Ворвался в Хузистан[12] в неистовстве ходжа,
Лобзаний табарзад[13] похитил он, дрожа,
И вот уже слились два розовые стана,
И две души слились, как розы Полистана[14]
 
   На светящемся циферблате наручных часов был час ночи. Несколько секунд он постоял на крыльце в нерешительности – на том же месте, где недавно стоял Ислам, вдыхая ночной воздух, – затем легко сбежал со ступеней и перемахнул через забор. Пересечь пустырь было делом нескольких минут. Джульетта жила на третьем этаже. Виталик встал под ее окнами так, чтобы на него падал свет фонаря.
   Он заснул в мечтах о девушке и, засыпая, успел подумать о том, что, поскольку вся семья на даче, то выходит, Джульетта дома одна. И во сне он, видимо, продолжал думать об этом, потому что именно эта мысль разбудила его среди ночи и погнала под окна возлюбленной. Чистейшее безумие! Он простоял примерно час, прежде чем его желание разбудило Джульетту. Скрипнула оконная створка, и на балконе показалась изумленная девушка, – узнав Виталика, она приставила указательный палец к виску и покрутила им. Юноша улыбнулся и направился к телефонной будке, находящейся неподалеку.

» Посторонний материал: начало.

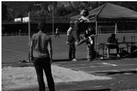
Dänu in der Luft
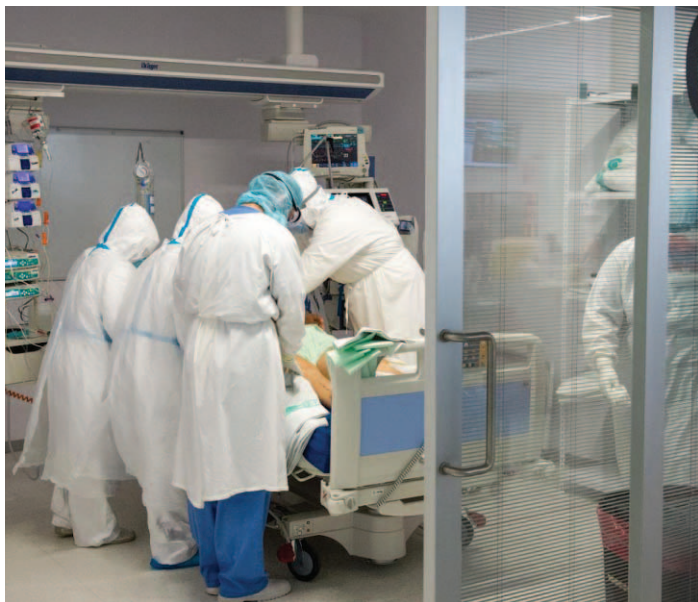
Cada profesional sanitario debe responsabilizarse de la limpieza de su EPI.

SAE VUELVE a ganar una sentencia que reconoce que las órdenes impartidas a los Técnicos en Cuidados de Enfermería para la limpieza de los Equipos de Protección Individual (EPI) son ilegales. En esta ocasión ha sido el Tribunal Superior de Justicia de Andalucía que, además, en el fallo de la sentencia ordenó al Sistema Andaluz de Salud que pusiera fin, de inmediato, a estas órdenes.
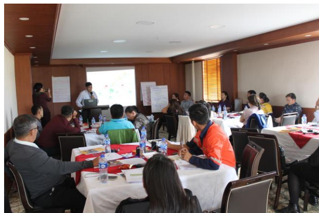
Гурван Талт Зөвлөл ба ЭЗХНЗОГ нь ОУСК-ийн Өмнөговийн Ус ба Уул Уурхайн Салбарын дугуй ширээний ярилцлагын үеэр бусад уул уурхайн компаниудтай туршлагаа хуваалцаж байгаа нь, 2016 оны 9-р сар
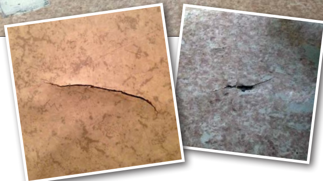
Golven är i mycket dåligt skick efter 25 års slitage.
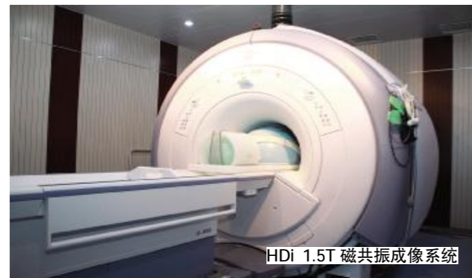
HDI 1.5T 磁共振成像系统

沭阳县人民医院引进 GE 公司最新 HDI 1.5T 磁共振成像系统,采用全新的 ISO 成像技术,实现了在提高扫描速度的同时,还能提高扫描范围、信噪比和分辨率,并且有效地克服运动伪影和干扰,极大地扩展了
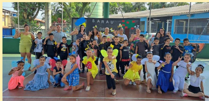
Alunos do 2º C homenagearam Vinícius de Moraes.
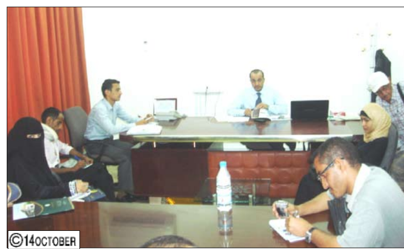
من اللقاء الصحافي بمركز الأمل في تعز

المركز يركز على البحث العلمي في طرق الوقاية من المرض وتلقيحها مع العلاج الإشعاعي للمريض . وقال: إن القيادة السياسية بقيادة المحافظة ومجموعة هائل أولت اهتماماً كبيراً لمحافظة تعز وللمركز لأنه يخدم شريحة كبيرة من محافظات تعز وإب والحديدة ويقدم خدمات نوعية ووقائية وعلاجية.

   – Привет, Джули, – сказал радостно в телефонную трубку, – извини, я тебя разбудил – так хотел тебя увидеть, что проснулся, очень соскучился.
   – Ты с ума сошел, – шепотом произнесла девушка, – немедленно уходи!
   – Почему ты шепотом говоришь? – спросил Виталик. – Ты же одна, или нет?
   – Одна, – шепотом сказала Джульетта и повторила нормальным голосом: – Одна.
   – Можно я зайду к тебе? – спросил Виталик и затаил дыхание.
   – Зачем?
   – Просто побыть с тобой, можешь чаем меня угостить.
   – Ты чай не пил вечером?
   – Пил, из жженого сахара.
   – Не дави на жалость.
   – Я не давлю, это вчера было, а сейчас уже новый день.
   – Нет, – решительно сказала Джульетта.
   – Почему?
   – Это неприлично.
   – Но ты же одна!
   – Тем более, а если кто-нибудь увидит? Мне тогда конец! Уходи!
   – Буду стоять здесь до утра.
   – Ну и стой себе на здоровье, а я пошла спать.
   Джульетта положила трубку, взяла аппарат и пошла в свою комнату, положила его на пол возле кровати и легла. Сказала себе: «Не надо было целоваться с ним – сейчас позвонит». Не успела договорить, как раздался звонок.
   – Алло.
   – Да.
   – Я тебя люблю.
   – Нет.
   – Что нет? Ты не веришь, что я люблю тебя?
   – Верю.
   – Но ты же говоришь – нет.
   – Нет – чтобы ты сюда пришел, иди спать.
   – Утром, как проснешься, посмотри в окно. Спокойной ночи.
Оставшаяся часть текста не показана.